Before being named National Director of the IA/IC examination program, Ms. Jarcho was an Associate Director of the IA/IC examination program in the SEC’s Chicago regional office. She began her SEC career in 1990 in the Division of Enforcement and held several positions, including Branch Chief, Senior Trial Counsel, and Assistant Regional Director, before joining OCIE in 2008. Ms. Jarcho has a bachelor’s degree from Middlebury College and a law degree from the University of Wisconsin Law School

Jonathan Shapiro

Jonathan’s practice at Baker Botts is focused on the defense of business and securities litigation and government enforcement actions. He has litigated class actions, challenges to corporate transactions and governance, and other matters regarding allegations of fraud and breach of fiduciary duty, including jury and bench trials.
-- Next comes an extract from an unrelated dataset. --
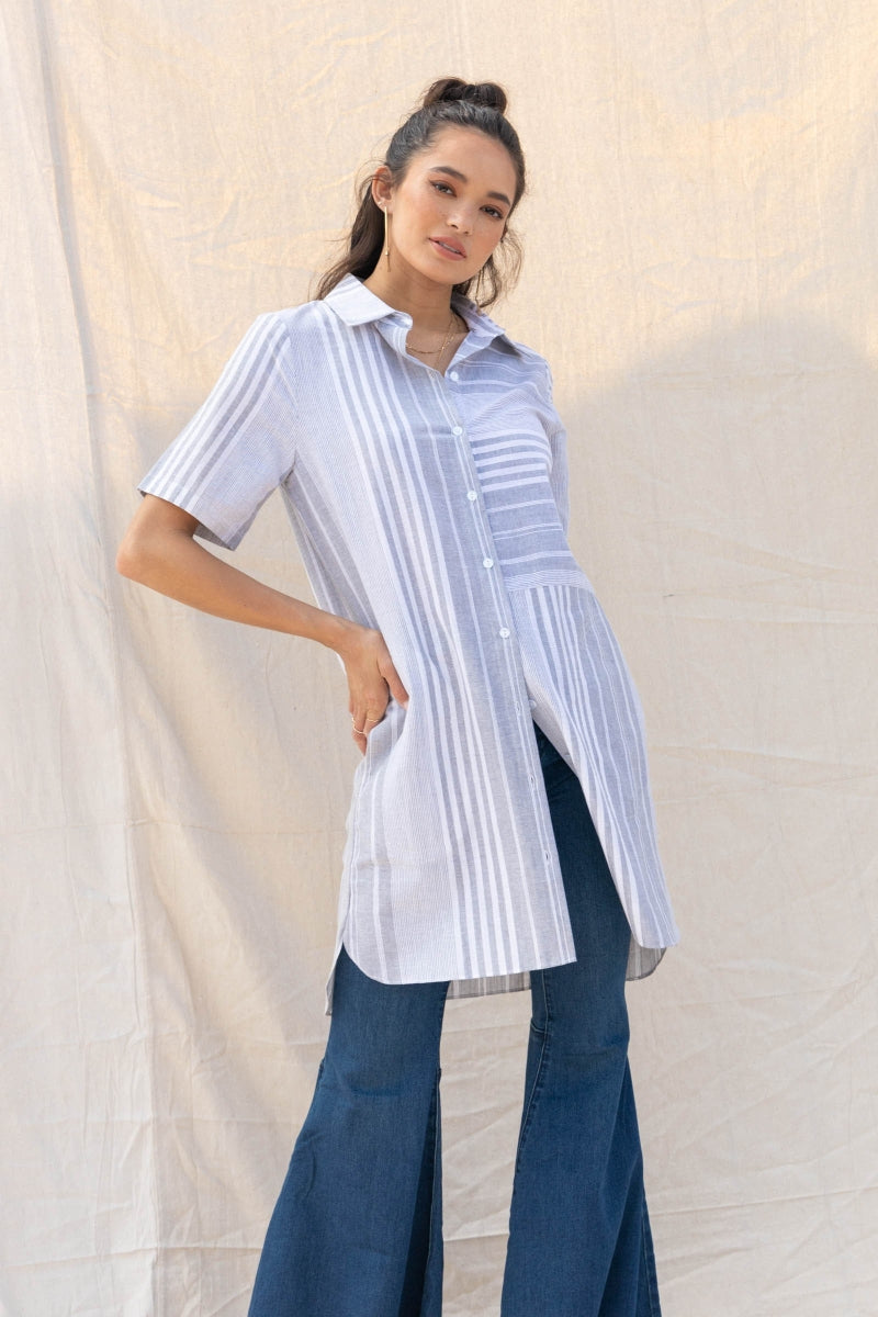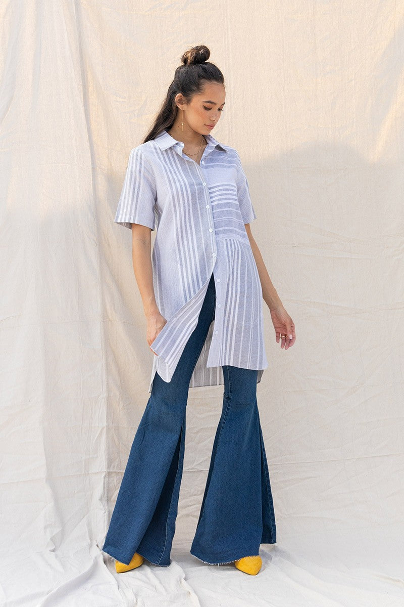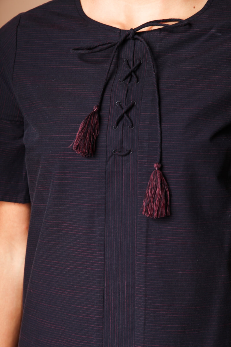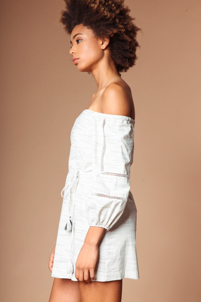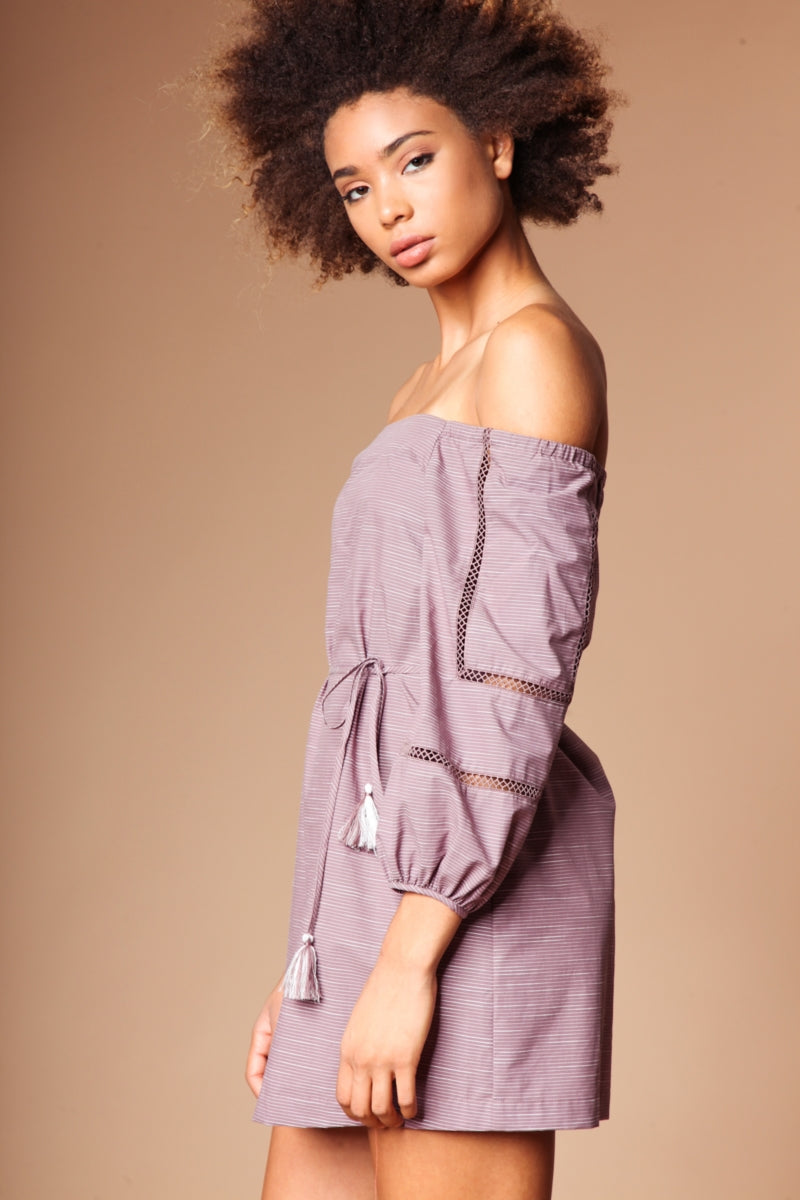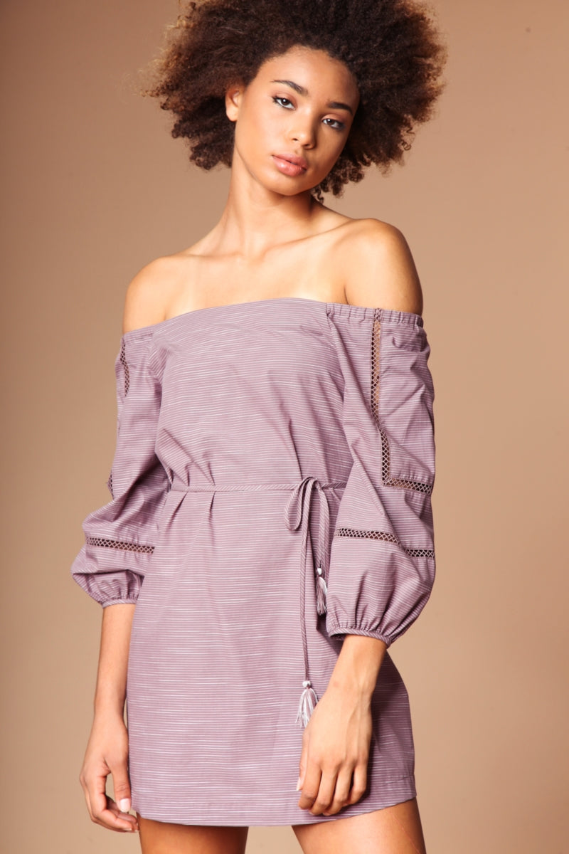 Embroidered Off Shoulder Pigment Dyed Blouse

Jonathan’s clients include public and financial services companies, officers and directors, and investment bankers. He also serves as counsel defending and conducting internal investigations to those subject to enforcement action under the Securities and Exchange Commission, the Department of Justice, FINRA, and other government agencies and self-regulatory organizations.

Carlos Vasquez

Carlos is Senior Counsel, Division of Enforcement, in the San Francisco Regional Office of the U.S. Securities and Exchange Commission. Carlos is responsible for the review and investigation of complaints directed to the San Francisco office. Carlos is also a member of the Division of Enforcement’s JOBS Act Task Force and one of the principal organizers of the SEC’s Silicon Valley Initiative program with the Stanford Rock Center for Corporate Governance. Before his current position, Carlos worked as a staff attorney and investigated a wide range of matters related to accounting fraud, stock options back dating, Ponzi schemes, the Foreign Corrupt Practices Act and other violations of the federal securities laws. Prior to joining the SEC, Carlos worked in private practice representing issuers, directors and officers in securities class actions and SEC investigations. Carlos received his Juris Doctor from Harvard Law School in 1994 and his Bachelor of Arts from the University of Texas at Austin in 1991.